In [1]:
import warnings
warnings.filterwarnings("ignore")

In [2]:
%matplotlib inline

In [5]:
import pandas as pd

df = pd.read_csv('./datasets/train.csv')
print(df.head(5))

                                              review  sentiment
0  I know that Chill Wills usually played lovable...          1
1  The arrival of an world famous conductor sets ...          1
2  This documentary is such a wonderful example o...          1
3  I really tried to like this movie but in the e...          0
4  Not one of Monogram's better(not trying to be ...          0


In [6]:
print(df.loc[0,'review'])

I know that Chill Wills usually played lovable old sorts in Westerns. But his role in this segment is something I've remembered for a long time. Wills could be a first rate villain. Yes, Burgess Meredith's Fall was correct! That look in Hepplewhite's eye! It expressed porcine greed, ignorance, and the threat of violence all at once. Quite a performance, I think.<br /><br />The segment itself was a good one, too. Question: couldn't the little black bag cure alcoholism? I guess it did, sort of, with Fall. But the doctor would have been wise to apply the cure, if he had it, as quickly as possible to Hepplewhite.<br /><br />There is one moment that was annoying but also necessary. And it is something that appears to recur in these Night Gallery segments. It's Serling's constant need to sermonize. For that's what we got, one more time, with Dr. Fall. I don't know what was more frustrating, losing the black bag and all its miracles or not being to stop Fall from preaching about the bag's ben

In [7]:
# removing all HTML tags
# removing punctuation marks but emoticons
# converting all characters to lowercase

import re
from bs4 import BeautifulSoup

def preprocessor(text):
    # remove HTML tags
    text = BeautifulSoup(text, 'html.parser').get_text()
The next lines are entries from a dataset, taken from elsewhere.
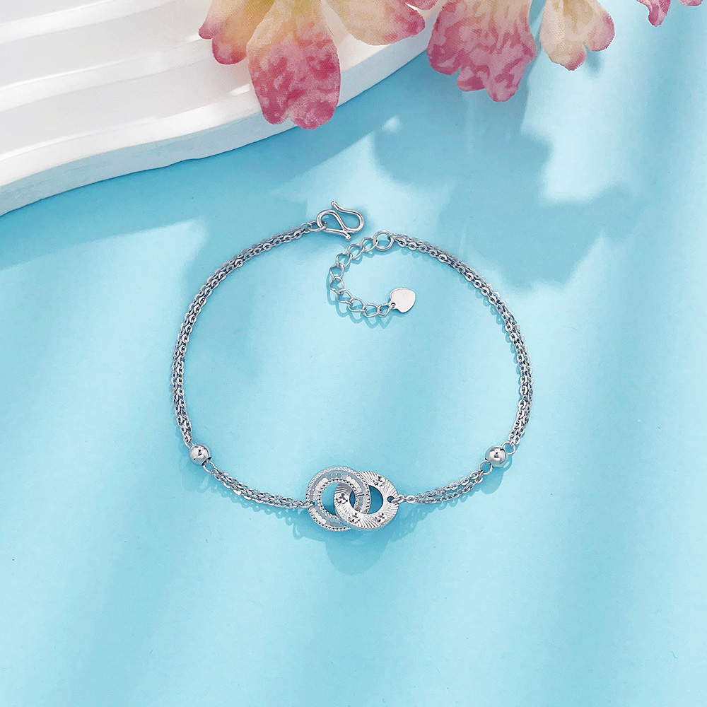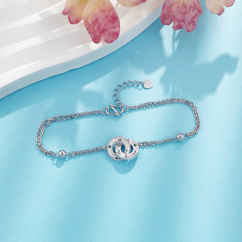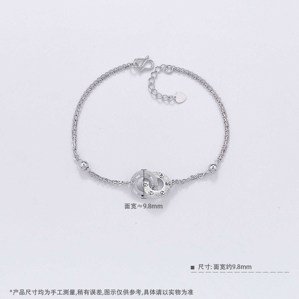 【限时8.8折】【线上铂金馆】PT950 #清新 铂金实心双层调节环环相扣鱼鳞仿钻几何双环手链(PTSL00077)预售产品下单后不退款不退货不换货不补差价)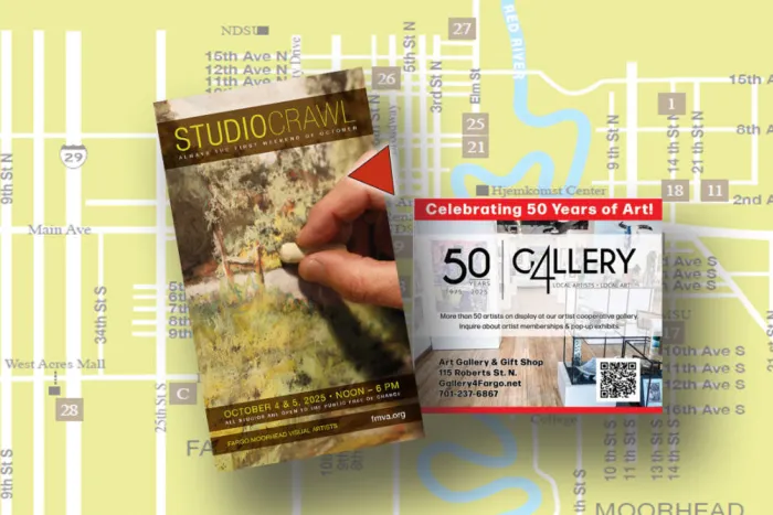 Gather your friends and family and tour the studios of Fargo-Moorhead’s arts community during the FM Visual Artists’ free Studio Crawl—October 4 and 5, 2025, noon to 6 p.m. Established artists, group studios, and student artists will open their doors to you and demonstrate their work.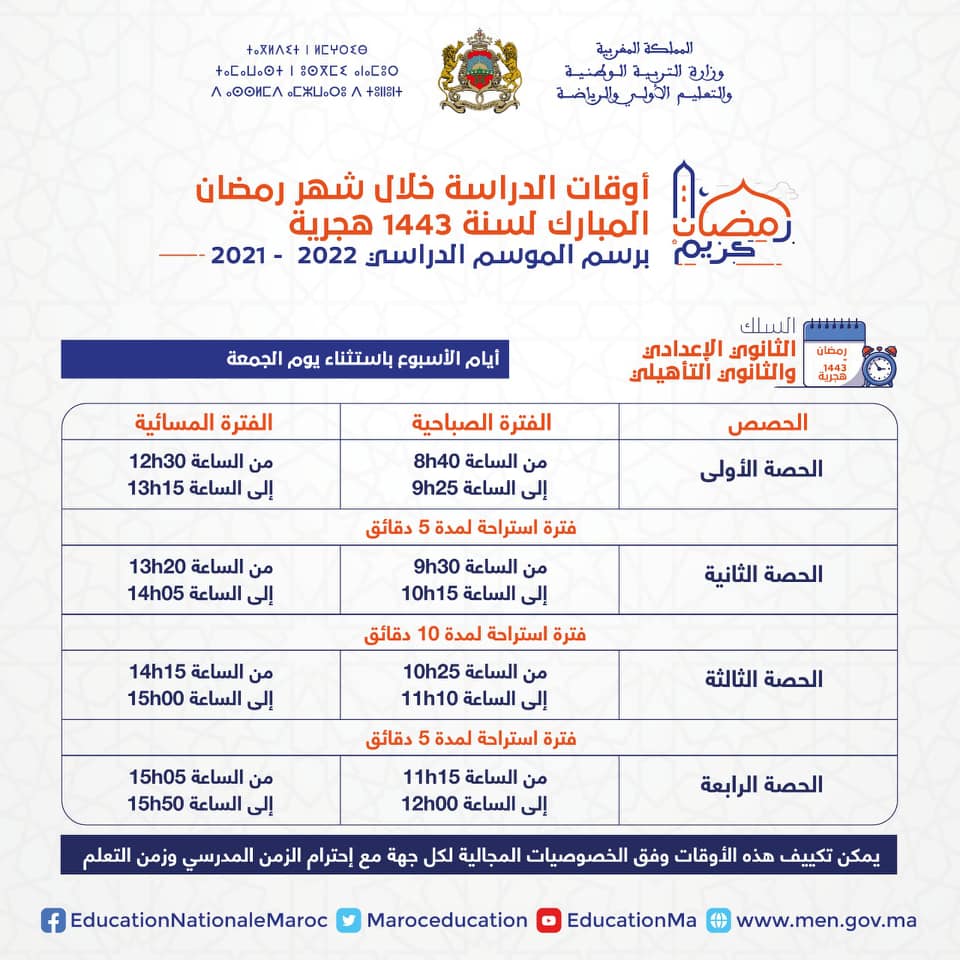 أعلنت وزارة التربية الوطنية والتعليم الأولي والرياضة، الجمعة، عن أوقات الدراسة خلال شهر رمضان المبارك، برسم الموسم الدراسي 2021-2022.

    # regex for matching emoticons, keep emoticons, ex: :), :-P, :-D
    r = '(?::|;|=|X)(?:-)?(?:\)|\(|D|P)'
    emoticons = re.findall(r, text)
    text = re.sub(r, '', text)

    # convert to lowercase and append all emoticons behind (with space in between)
    # replace('-','') removes nose of emoticons
    text = re.sub('[\W]+', ' ', text.lower()) + ' ' + ' '.join(emoticons).replace('-','')
    return text

In [8]:
print(preprocessor(df.loc[0,'review']))

i know that chill wills usually played lovable old sorts in westerns but his role in this segment is something i ve remembered for a long time wills could be a first rate villain yes burgess meredith s fall was correct that look in hepplewhite s eye it expressed porcine greed ignorance and the threat of violence all at once quite a performance i think the segment itself was a good one too question couldn t the little black bag cure alcoholism i guess it did sort of with fall but the doctor would have been wise to apply the cure if he had it as quickly as possible to hepplewhite there is one moment that was annoying but also necessary and it is something that appears to recur in these night gallery segments it s serling s constant need to sermonize for that s what we got one more time with dr fall i don t know what was more frustrating losing the black bag and all its miracles or not being to stop fall from preaching about the bag s benefit for humanity all while rubbing hepplewhite s g

In [9]:
def tokenizer(text):
    return re.split('\s+', text.strip())

print(tokenizer('runners like running and thus they run'))

['runners', 'like', 'running', 'and', 'thus', 'they', 'run']


In [10]:
# Preprocessing: Word Stemming

from nltk.stem.porter import PorterStemmer

def tokenizer_stem(text):
    porter = PorterStemmer()
    return [porter.stem(word) for word in re.split('\s+', text.strip())]

print(tokenizer_stem('runners like running and thus they run'))

['runner', 'like', 'run', 'and', 'thu', 'they', 'run']


In [None]:
# Preprocessing: Stop-Word Removal

import nltk
from nltk.corpus import stopwords
from nltk.stem.porter import PorterStemmer

nltk.download('stopwords')
stop = stopwords.words('english')

def tokenizer_stem_nostop(text):
    porter = PorterStemmer()
    return [porter.stem(w) for w in re.split('\s+', text.strip()) \
            if w not in stop and re.match('[a-zA-Z]+', w)]

print(tokenizer_stem_nostop('runners like running and thus they run'))